From a compatibility view V1000 did well in my selection. There were only two total losses, one being Motoracer 2, where I couldn't get over incorrect VRAM amount error. Second is Unreal failing under d3d with infamous "oversized texture without mipmaps" error and I could not get OpenGL renderer to perform texturing. Falcon 4.0 does not recognize Vérité as 3D accelerator, but after disabling the limitation via registry it runs just fine. Then there were tests which I at first could not complete because of my V1000L-P instability: Revshogo and Viper Racing. Granted, there were many lock ups in more games, but eventually I finished them properly. Only after Creative 6240 testing I saw V1000 operating reliably. Perhaps my Total3D has hardware issues. To see how good games look head to the V1000 gallery. As for image quality only big troubles were seen in Shogo and Thief, both games suffer from lightmap z-fighting. I am sure the compatibility skydived since 1999, but longevity of first Vérité is respectable. Just don't expect 640x480 gaming. CGL compatibility seems to be question of single library, but executables for 3D Blaster are checking for Creative brand. The CT6240 or faster 6260 are the easiest way into CGL titles. There is an OpenGL ICD for Vérité 2 which is at once unsupported beta V1000 ICD. And it works with more than Quake engine, although it still fails in many games like Return Fire 2, Starsiege for example works with minor glitches. Watching reasonably rendered Quake 3 on V1000 makes me appreciate the driver effort behind it.

Click for 32 bit depth screenshot.


Rendition was tuning bios of V1000 for quite some time. Update may provide significant improvements, for all my tests was used latest 2.105 version via TSR loader. For all the other games V1000 produced usually admirably high image quality. It is Speedy3D/RRedline games that are offering an interesting alternative. First GLQuake performs better with ICD than gold minigl, but it is still not even half of speed of VQuake. The Vérité port is heavily optimized and does not use all features of the chip, leaving more work for the CPU. Even Quake 2 has Vérité port, albeit beta. Same situation repeats here, Proprietary renderer with single pass monochrome lighting and maxed out antialiasing runs way faster than OpenGL two pass colored lighting.

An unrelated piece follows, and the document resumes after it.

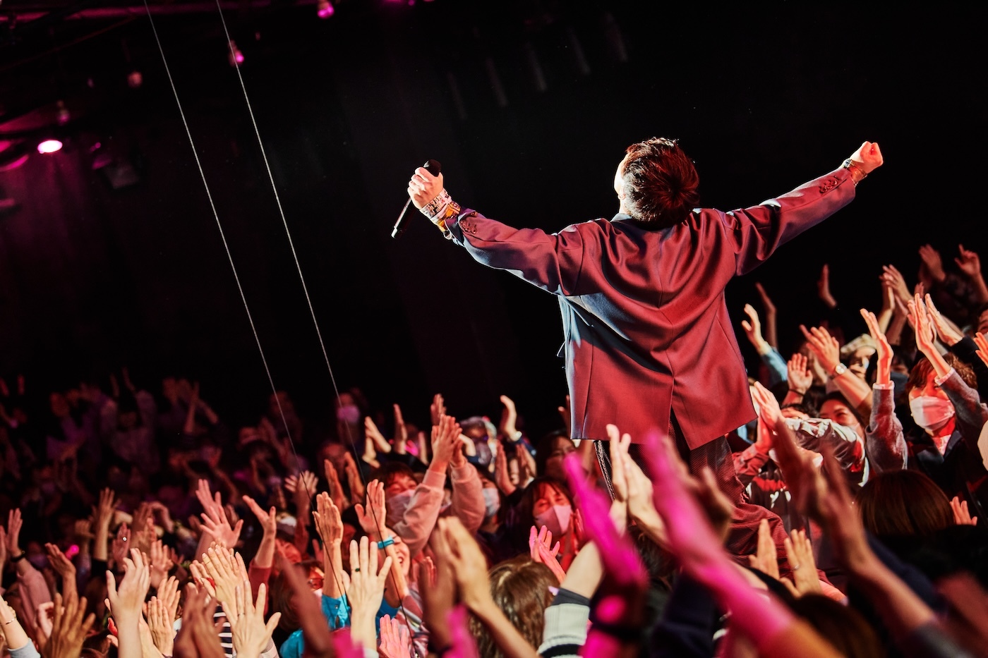 そのまま1曲目の「きみのため」が始まり、「レッツスタート!」の合図で巨大スクリーンが振り落とされる派手な演出の中、会場のボルテージも一気にあがる。「きみのため」間奏に乗せた「ハッピーバースデー」がバンドメンバーから贈られると、それにあわせてステージ上にバースデーケーキが登場。「まだ1曲目だよ!(ケーキ)早くない?!」と突っ込みながらもロウソクの火を吹き消して演奏再開、大歓声のなかセレモニー完遂となった。ブロックの最後には自身の代表曲でもある「葛飾ラプソディー」を披露し、「生まれてきてよかった」と噛みしめるシーンも。

Canopus Total3D fall short of average framerates of Virge /GX2 by 7% and the gap widens at minimal framerates. However, since V1000 provides higher precision rendering with all features old games could demand, I still consider this card a bit more powerful hardware. I guess most of people don't want to see a comparison with some stinky Virge, but Voodoo. Just in numbers: at 640x480 I calculated this V1000L-P to be 46% of Voodoo performance overall, were OpenGL Quake games are significantly lower at 33% however VQuakes are running at 75%-95% of Voodoo. Old V1000E is trailing behind V1000L-P by 10-15%. It is obvious why Vérité had to be a budget solution. There isn't enough fillrate for 640x480, but the saving grace is good scaling with lowered resolutions.

Losing ground

Too bad for Rendition they could not get the chip out earlier in the year, they could gain more mindshare. V1000 halo went away quickly after Voodoo fame arise, but that is pretty much only bad thing I could say. Well except the potential instability, developers did not like dealing with DMA transfers either. Everyone fell prey to the blazing speed of 3dfx, but only Vérité competed with it in features, image quality and compatibility. For roughly half the price of Voodoo Vérité offered 2D, full triangle setup, a fair number of Rendition ports with special features like edge antialiasing at reasonable speed. There could have been even more if Rendition had own API for Windows 95 ready before 1997. V1000 beats all other pre-Voodoo value accelerators hands down, even if possibilities of it's RISC core might not have been fully exploited. V1000 lost ambitions too quickly to push developers away from classic rendering concepts. Nevertheless Vérité was a great choice for gamers on a tight budget, with slower CPUs, who wanted to experience full featured 3D acceleration, but not necessarily at high resolutions.
One year later Rendition released much improved second Vérité.